> [Entries provided]
=======
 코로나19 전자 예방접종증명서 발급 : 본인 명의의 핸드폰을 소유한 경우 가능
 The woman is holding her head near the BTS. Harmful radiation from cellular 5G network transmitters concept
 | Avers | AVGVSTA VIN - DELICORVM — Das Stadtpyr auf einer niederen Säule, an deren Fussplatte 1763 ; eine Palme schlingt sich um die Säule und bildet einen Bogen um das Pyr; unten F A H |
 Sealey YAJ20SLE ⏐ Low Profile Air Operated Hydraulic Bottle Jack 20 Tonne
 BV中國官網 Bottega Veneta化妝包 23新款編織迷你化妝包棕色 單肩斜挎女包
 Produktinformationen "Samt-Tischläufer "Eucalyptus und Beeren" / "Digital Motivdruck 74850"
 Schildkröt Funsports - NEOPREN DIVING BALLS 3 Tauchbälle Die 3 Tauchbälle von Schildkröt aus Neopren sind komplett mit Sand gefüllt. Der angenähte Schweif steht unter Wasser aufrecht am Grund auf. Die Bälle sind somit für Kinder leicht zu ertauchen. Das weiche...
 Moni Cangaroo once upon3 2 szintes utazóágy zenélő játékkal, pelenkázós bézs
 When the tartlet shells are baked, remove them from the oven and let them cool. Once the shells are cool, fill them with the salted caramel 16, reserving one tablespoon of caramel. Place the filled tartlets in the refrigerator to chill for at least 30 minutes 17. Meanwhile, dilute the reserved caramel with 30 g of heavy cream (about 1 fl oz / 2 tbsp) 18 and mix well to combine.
=======
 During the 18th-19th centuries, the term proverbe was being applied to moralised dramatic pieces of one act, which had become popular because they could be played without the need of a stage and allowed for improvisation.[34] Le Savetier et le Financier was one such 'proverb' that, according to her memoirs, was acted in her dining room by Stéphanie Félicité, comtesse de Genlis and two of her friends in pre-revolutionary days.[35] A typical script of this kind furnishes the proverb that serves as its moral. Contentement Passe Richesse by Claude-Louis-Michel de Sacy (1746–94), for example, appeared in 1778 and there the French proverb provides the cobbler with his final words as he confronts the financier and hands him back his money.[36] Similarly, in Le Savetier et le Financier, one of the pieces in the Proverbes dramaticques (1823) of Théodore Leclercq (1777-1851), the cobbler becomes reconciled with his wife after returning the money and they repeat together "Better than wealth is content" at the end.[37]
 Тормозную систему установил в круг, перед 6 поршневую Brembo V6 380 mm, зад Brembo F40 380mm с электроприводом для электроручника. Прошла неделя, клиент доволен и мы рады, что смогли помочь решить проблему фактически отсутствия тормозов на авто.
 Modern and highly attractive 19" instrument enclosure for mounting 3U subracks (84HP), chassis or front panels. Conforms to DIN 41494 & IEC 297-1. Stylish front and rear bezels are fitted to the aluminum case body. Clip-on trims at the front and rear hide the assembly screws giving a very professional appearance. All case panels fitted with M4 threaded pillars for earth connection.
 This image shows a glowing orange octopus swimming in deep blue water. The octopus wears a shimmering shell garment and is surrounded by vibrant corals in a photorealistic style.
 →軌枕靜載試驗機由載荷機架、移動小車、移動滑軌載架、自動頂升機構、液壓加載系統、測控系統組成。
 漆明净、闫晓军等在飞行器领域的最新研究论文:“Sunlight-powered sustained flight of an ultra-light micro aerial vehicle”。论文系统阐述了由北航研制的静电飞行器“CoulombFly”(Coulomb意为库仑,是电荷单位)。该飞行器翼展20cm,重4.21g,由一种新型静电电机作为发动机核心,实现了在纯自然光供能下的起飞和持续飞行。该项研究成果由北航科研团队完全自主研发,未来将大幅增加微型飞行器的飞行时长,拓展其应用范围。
=======
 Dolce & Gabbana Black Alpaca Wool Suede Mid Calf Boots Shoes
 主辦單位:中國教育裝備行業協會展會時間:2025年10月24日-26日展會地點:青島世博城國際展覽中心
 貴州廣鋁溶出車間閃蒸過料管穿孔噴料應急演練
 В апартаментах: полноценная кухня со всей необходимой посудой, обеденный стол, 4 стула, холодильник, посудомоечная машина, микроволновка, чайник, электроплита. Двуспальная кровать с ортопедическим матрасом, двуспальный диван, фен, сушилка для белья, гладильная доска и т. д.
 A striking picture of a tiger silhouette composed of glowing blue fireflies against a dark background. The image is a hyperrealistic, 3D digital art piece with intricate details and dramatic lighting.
=======
> [Your goal] Your answer should be only the number of lines in the records that hold the word "with".

> [Solution for this exercise] 4